Achill’s New Beach – Dooagh Beach Born Again

Achill’s New Beach – Dooagh Beach Born Again

Achill Island has a new beach for 2017! For the first time since 1984, an extensive sandy beach has returned to Dooagh Bay. Just in time for the start of the summer season, the ocean has deposited thousands of tons of sand onto the formerly rocky ‘beach’. Now that the high Spring Tides have passed, it is expected that the new sandy beach will remain in place for summer 2017. The amazing reappearing beach has been reported worldwide, including the BBC, ITV and CNN. Scroll down for links to full stories, images and video.

Why beaches lose their sand – and then suddenly reappear – academic explanation for the magical reappearing beach in Dooagh.

Below: BBC News interviews Emmet Callaghan of Achill Tourism:

About Dooagh

In 1987 the oarsman Don Allum completed the first westward crossing of the Atlantic Ocean, departing St. Johns, Newfoundland and landing in Dooagh Bay 77 days later.

English novelist Graham Greene shared a cottage hideaway in Dooagh with his mistress, the American Catherine Walston, in the 1940s. Greene wrote parts of the novels The Heart of the Matter and The Fallen Idol while in Dooagh.

The headland on the east side of Dooagh Bay, Gob Ellainne, is where the painter Paul Henry stood in 1910 and tore up his return train ticket to London, vowing to stay in Achill: “As I wandered round … and looked down on Dooagh and to the noble cliffs of Achill Head, I felt that here I must stay somehow or another. I would not go any further”.
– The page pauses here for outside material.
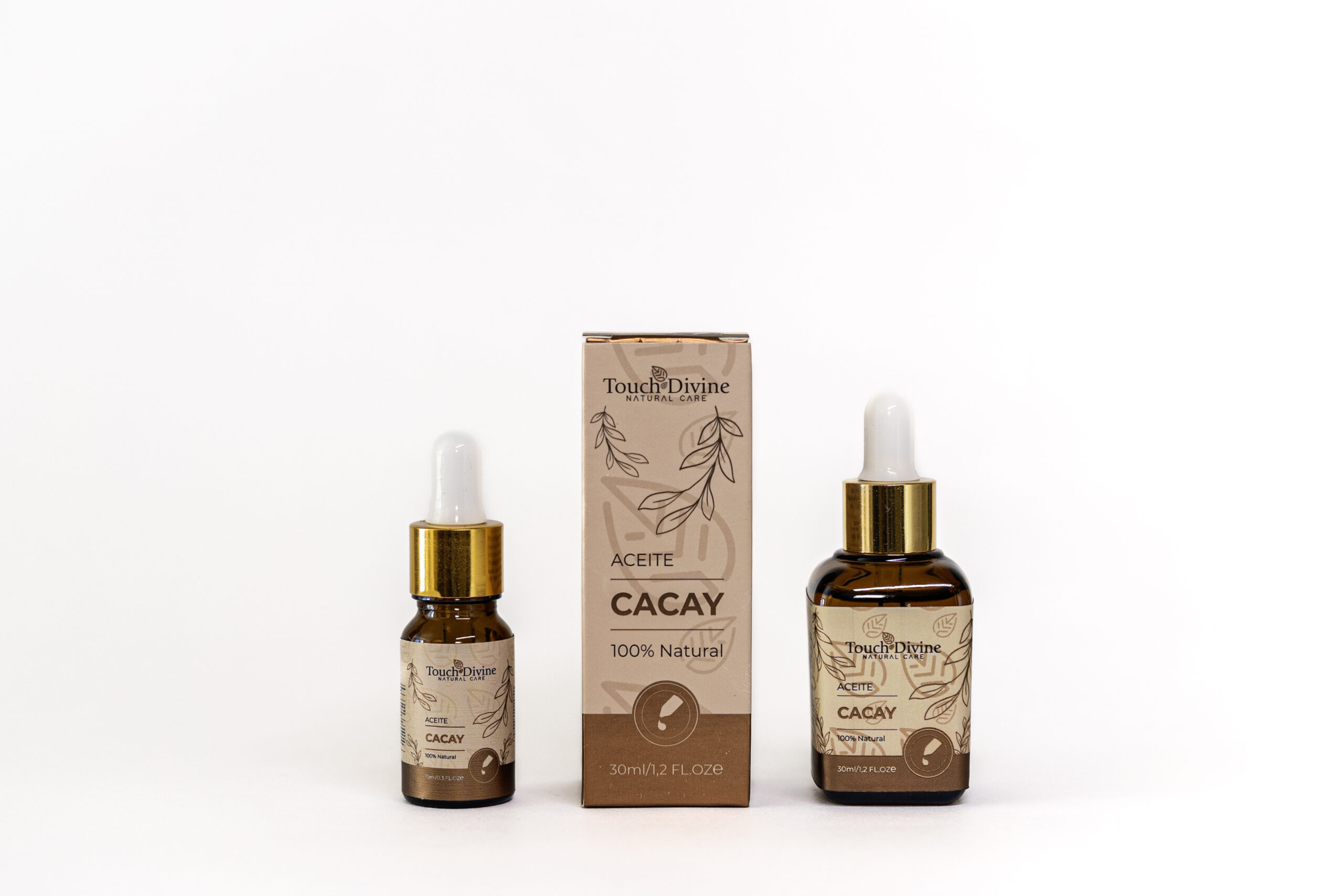 El aceite extraído de la nuez de Cacay, es el mejor antienvejecimiento natural por excelencia, atenúa las manchas, reduce la apariencia de las líneas de expresión, estimula la regeneración celular, mejora la elasticidad, hidratación y firmeza de la piel, gracias a  las extraordinarias propiedades del Retinol (el más alto contenido en la categoría de los aceites de belleza como Argán y Rosa Mosqueta), Vitamina A, E, F y  Omegas 6 y 9.
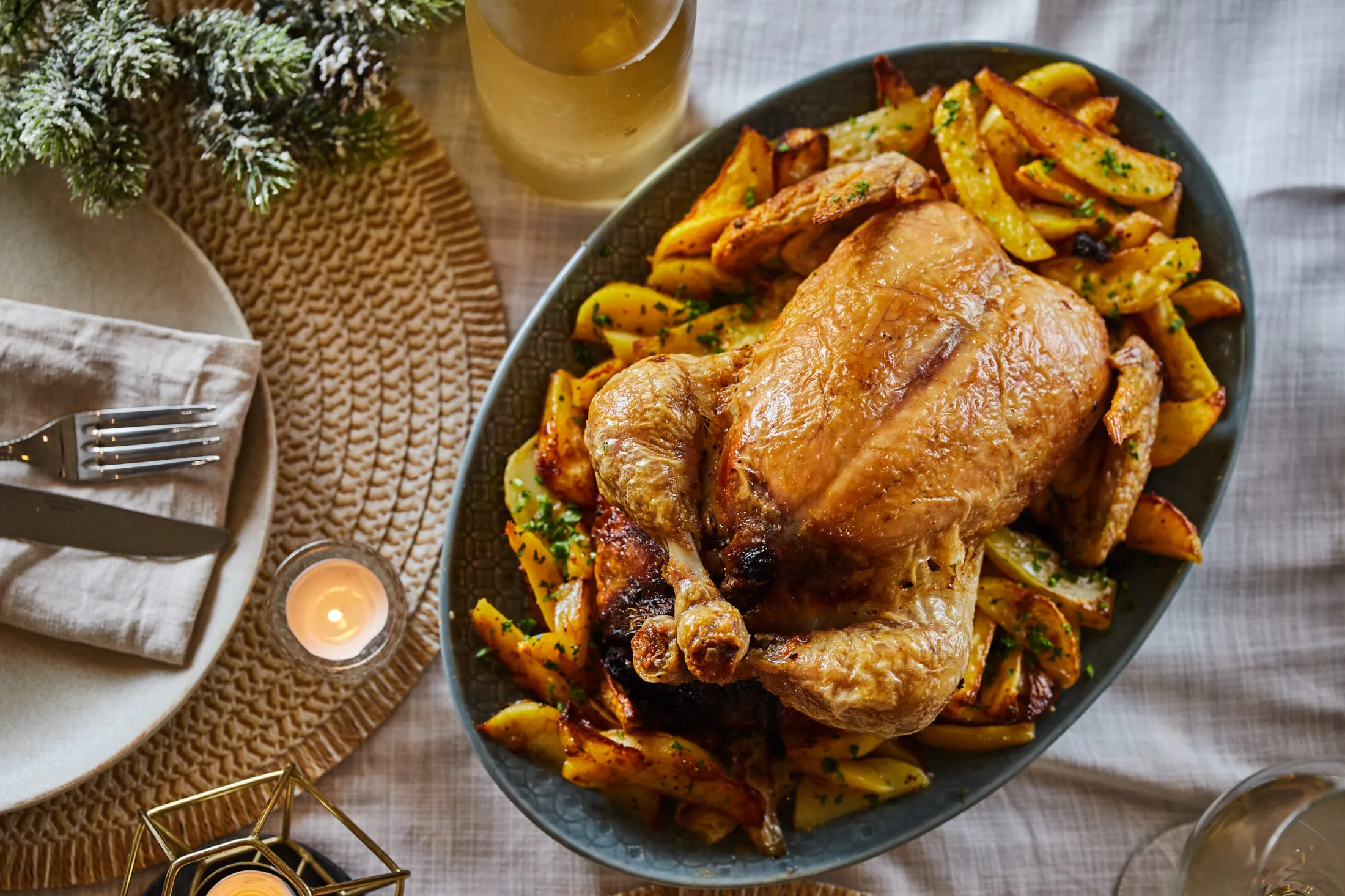 Végezetül óvatosan, a gerinccsont mentén átvágjuk a csirkét, és részekre szedve tálaljuk a sült burgonyával.

Achill Island continues to inspire artists and writers. Painter Camille Souter lives and works in Dooagh, and the island has many Galleries and Craft Shops showcasing the work of artists, sculptors and photographers.

Dolphins and basking sharks are regular visitors to Dooagh Bay (see Dolphin & Shark Watching).

Scoil Acla, one of Ireland’s oldest summer schools, was founded in Dooagh in 1910. Scoil Acla continues to provide tuition and performances in traditional Irish music, culture and arts. The summer 2017 programme runs from 22nd – 29th July.

In 2014 heavy storms exposed a shingle bank at Dooagh Beach which was investigated by archaeologists from the nearby Achill Archaeological Field School and found to contain a pony graveyard dating to the mid-19th century. See Dooagh Pony Graveyard (2014). The Achill Field School is Ireland’s longest-running archaeology field school and offers tours and introductory courses as well as accredited courses for undergraduate students.

In former times, the same spring storms that revealed the beach in 2017 and shingle bank in 2014, would regularly rip seaweed and wrack from the seabed and deposit it onto the beach. On such occasions, a bugle would be sounded to notify villagers and the wrack would be divided to be used as fertilizer in the surrounding fields. Today, seaweed from Achill’s Atlantic waters is used at Achill Seaweed Baths and also as an ingredient in the new Achill beer from Achill Island Brewery. The bugle is now used to signal the start of currach races at the annual Dooagh Day festival.

Achill Island already boasts five Blue Flag beaches plus one more at nearby Mulranny but it is hoped that the pristine sand at Dooagh may become the island’s sixth Blue Flag beach.